Bila tokoh publik memilih bercerai, hal ini bisa memberikan pesan bahwa perceraian adalah pilihan yang normal dan dapat diterima.
Faktor ekonomi sering menjadi pemicu masalah rumah tangga, bahkan hingga berujung perceraian. Namun, usai pandemi di mana perekonomian mulai bangkit, uniknya angka perceraian justru melonjak.
Statistik 2022 menggambarkan situasi yang mengerikan: 516.344 perceraian, naik 15% dari 447.743 kasus pada 2021. Satu dari empat perceraian disebabkan oleh isu-isu keuangan. Angka ini menegaskan bahwa pertumbuhan ekonomi belum sepenuhnya memberikan manfaat untuk semua.

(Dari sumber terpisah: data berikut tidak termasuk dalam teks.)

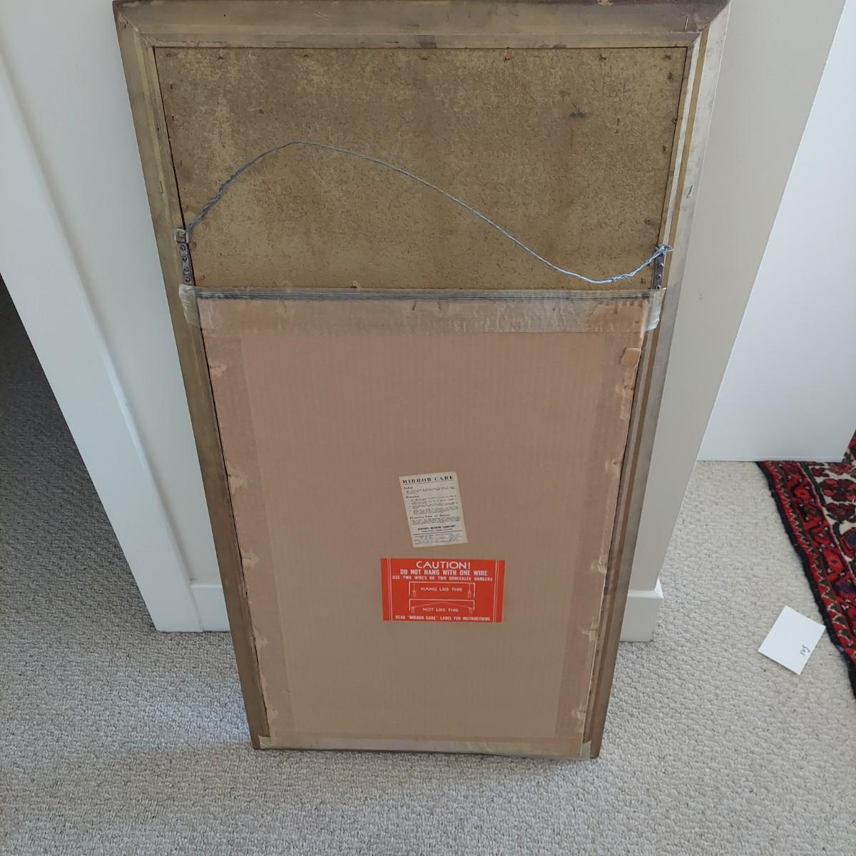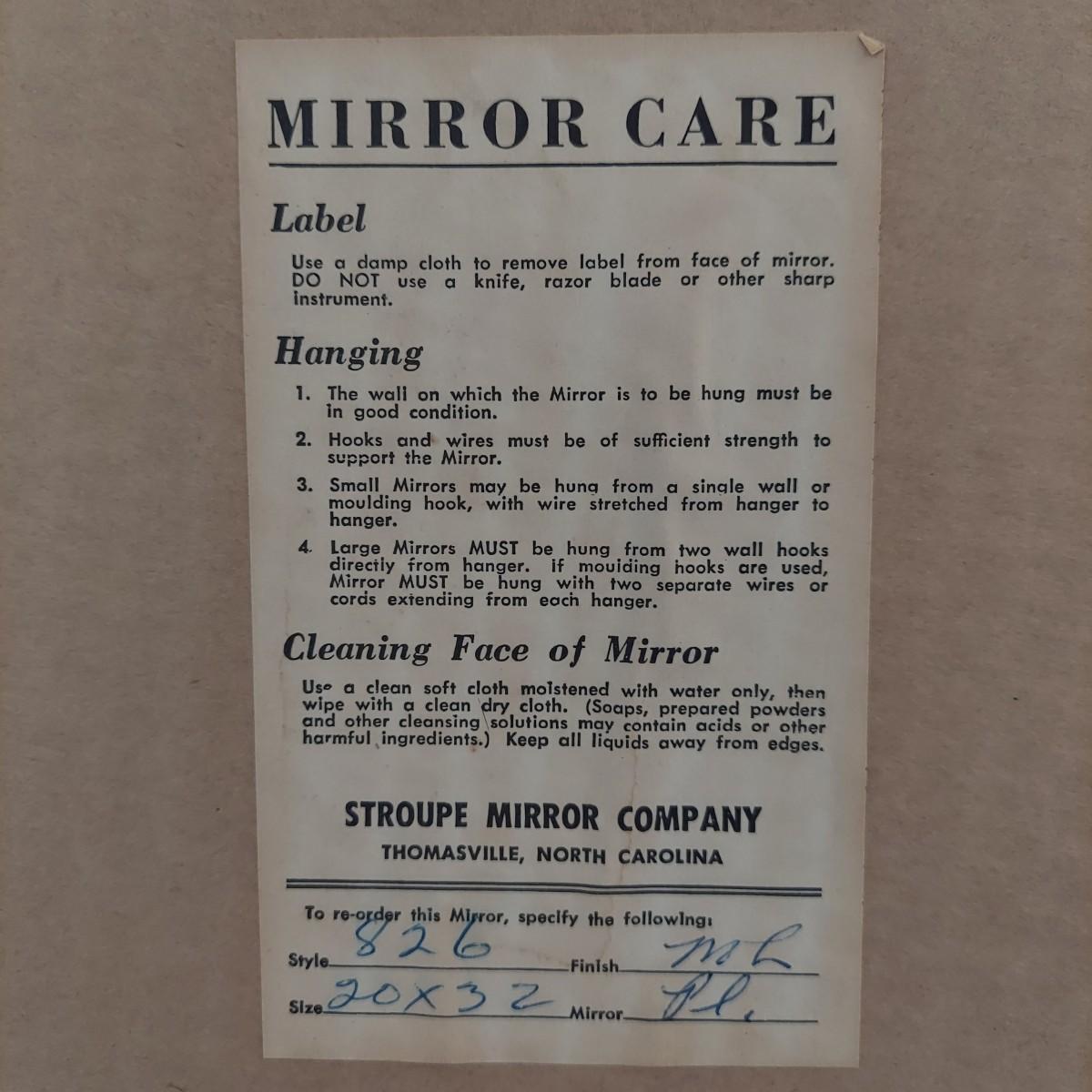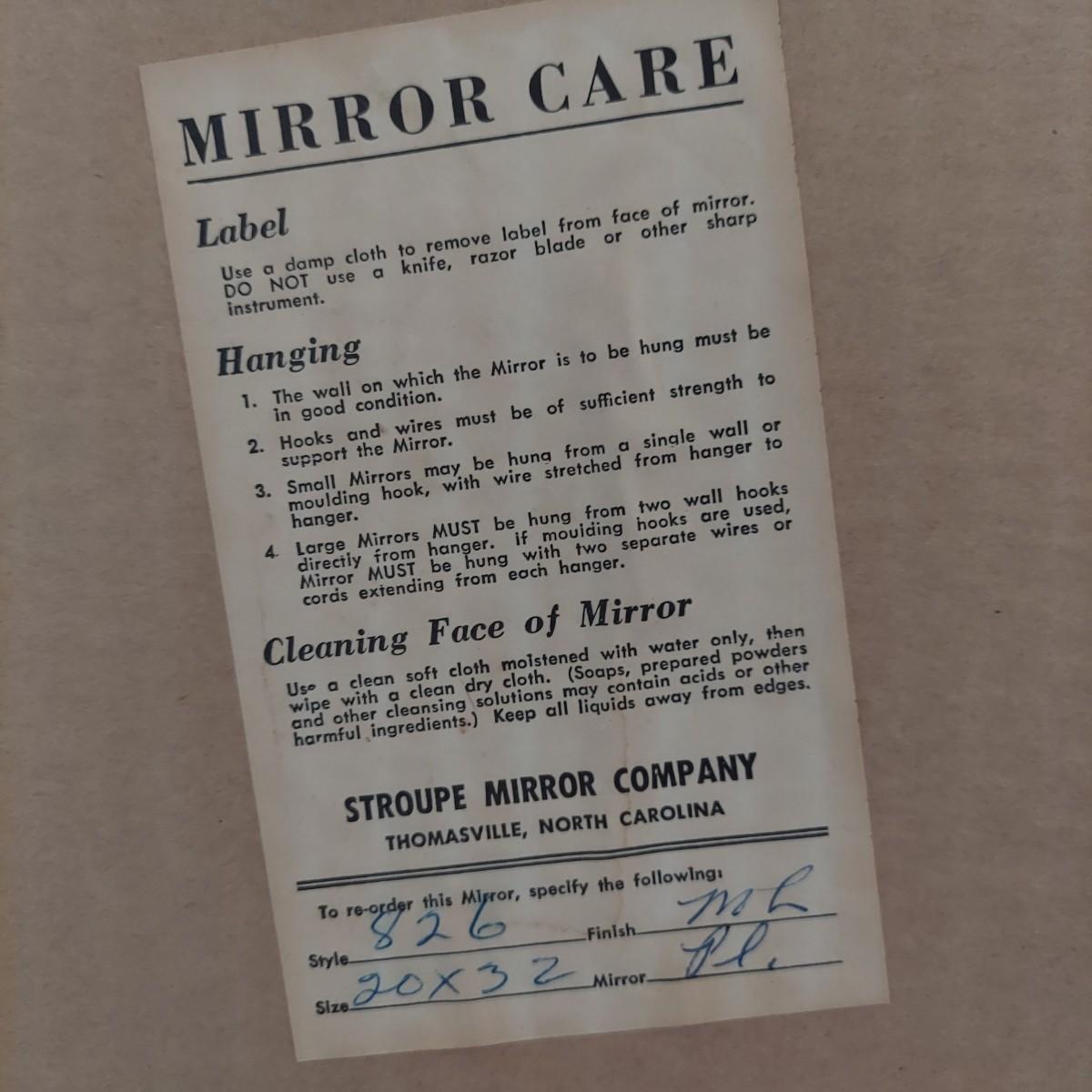 Large mirror that appears to be vintage in a neoclassical style with a Stroupe Mirror Company label on the back. Has a wooden frame with a gilded finish. Measures 23” x 45"H. Please see photos for details.

"Pasca pandemi, Indonesia menghadapi sebuah paradoks: perekonomian bangkit, namun angka perceraian meroket. Fenomena ini menyoroti sebuah kontras antara pertumbuhan ekonomi dan keberlanjutan hubungan rumah tangga. Walaupun ekonomi memperlihatkan pemulihan, bukan berarti semua keluarga merasakan keberuntungannya," Pakar Kebijakan Publik UPN Veteran Jakarta, Ekonom & CEO Narasi Institute, Achmad Nur Hidayat.

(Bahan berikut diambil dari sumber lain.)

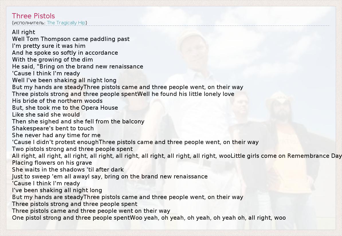 А как ты думаешь, о чем песня "Three Pistols" ?
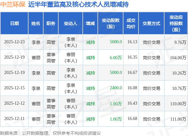 中兰环保近半年内的董监高及核心技术人员增减持详情如下:
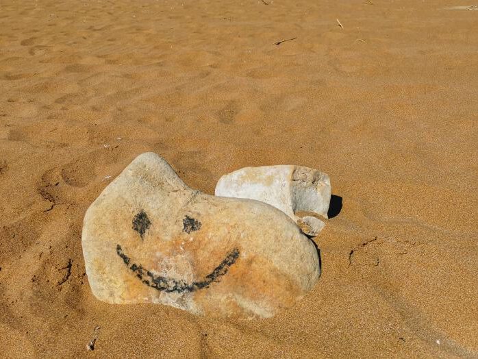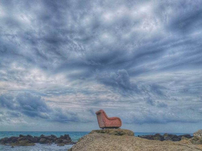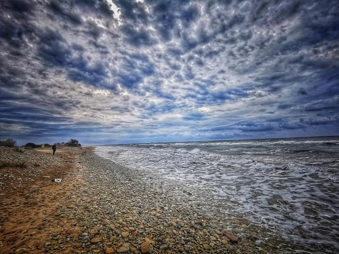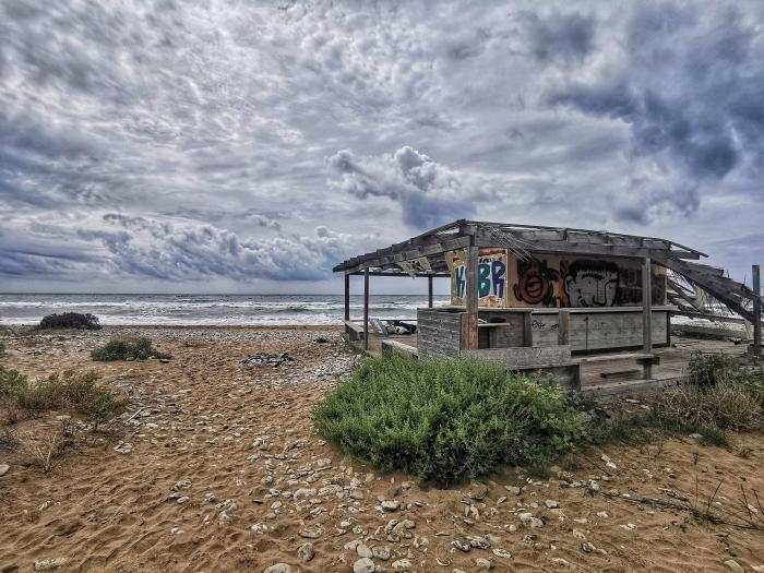 Als Manuel und Julia (dessen Frau und nicht die Taverne) abreisten, trauerte das Wetter und es regnete. Doch nicht wirklich tragisch und nicht lange, wir fuhren in das Naturschutzgebiet zum Lake Korrision, und die weißen Punkte im See waren keine Bojen, sondern … Flamingos. Pia konnte ihr Glück kaum fassen. Am Kanal weiter hinten, der den See mit dem Meer verbindet, hat ein Jemand einen Sessel auf die Felsen gebunden. Ein schöner Platz zum Verweilen. Hie und da stand ein Wohnmobil in den Dünen, das gehört da eigentlich gar nicht hin. Auf dem Parkplatz am Rand musst du dein Auto inmitten all der weißen Mietwagen suchen. Alle Mietautos auf der Insel sind weiß und klein, das macht die Sache trotz der Nebensaison nicht einfacher, doch wir hatten Glück und entdeckten immer das richtige Auto . Hinten bei Prasoudi oder Paramonias hat es schöne Wellen, allein die Taverne Sunset ist weniger zu empfehlen. Zumindest die Fischsuppe. Die war ein Elend. Fischsuppe ohne Fisch ist länderübergreifend eher selten, solltest du so etwas suchen, hier wirst du fündig.

Lebih lanjut menurut Achmad, tekanan ekonomi yang terus berlarut-larut memicu konflik dalam keluarga. Kesenjangan ekonomi yang jelas antara berbagai kelompok masyarakat memperparah situasi ini. "Meski ekonomi nasional menunjukkan potensi pertumbuhan, banyak keluarga yang masih merasakan ketidakstabilan ekonomi," katanya.
"Tantangan ekonomi yang dialami rumah tangga hanya sebagian dari masalahnya. Perubahan sosial, termasuk penelantaran, kekerasan dalam rumah tangga, dan poligami, menandai keretakan dalam norma-norma sosial kita. Akses mudah ke media sosial dan informasi seringkali mempengaruhi persepsi masyarakat tentang pernikahan dan komitmen," imbuh dia.